Exciting things are happening on the monetization front. For instance, Harvard Business School’s Impact-Weighted Accounts Initiative is working on integrating the value of social and environmental impact, positive and negative, into companies’ financial reporting. The initiative’s recent analysis shows that the environmental cost generated by 252 of 1,800 firms was greater than their profits.
An approach like this, which paints a fuller picture of a company’s or investment’s net benefit to society, is just what we need to boost comparability and allocate impact capital more effectively.
- 4. Harmonizing sustainability reporting and impact metrics
Similar to internationally recognized financial accounting standards, the call for global standards in corporate sustainability reporting has grown louder, alongside the recent surge in sustainable investing. A step in the right direction, the big five framework- and standard-setting organizations have recently come together to provide joint market guidance on comprehensive corporate reporting.
As this plays out on the global stage, there is room to encourage more companies in Latin America and the Caribbean to strengthen sustainability practices and measure impact as a way to improve their operations while also attracting new investors. Financial incentives such as sustainability-linked loans — where debt costs depend on social or environmental targets being reached — are gaining ground in the region.

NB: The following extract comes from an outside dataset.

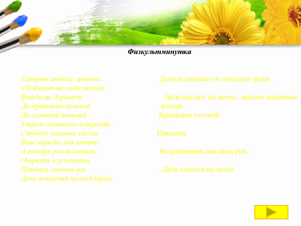 ФизкультминуткаГоворит цветку цветок: Дети поднимают и опускают руки.

Just as the push for standardization is advancing in the corporate world, investors and development finance institutions are harmonizing metrics for how we measure impact in areas such as climate, gender, and job creation. We have been working together with other DFIs to align the harmonized indicators for private sector operations, or HIPSO, with the IRIS+ metrics — the most widely accepted system for measuring and managing impact. To date, over 90% of HIPSO indicators are now harmonized with IRIS+.
Even though the mechanics of how we decide to invest our capital vary, it all boils down to measuring what we measure in the same way. This helps us optimize deals and co-financing agreements, and better compare the results of our investments.
- 5. Managing for impact
Agreeing on standards for impact investing and impact measurement is key. However, our end goal is actually achieving concrete development results from our investments. As today’s COVID-19 pandemic has dramatically reminded us, the best-laid plans for our investments can be derailed by changes largely beyond our control.
So, going forward, we need to focus not only on investing for impact, but more importantly on managing our investments for impact. This means ongoing monitoring of investments to know when things are not going as expected and taking action to course correct.
Ultimately, monitoring and evaluating the performance of our investments — hopefully in increasingly comparable ways — will allow impact investors to build a stock of knowledge on what works (or works better). This will further strengthen our ability to effectively allocate resources for the good of Latin America and the Caribbean, and beyond.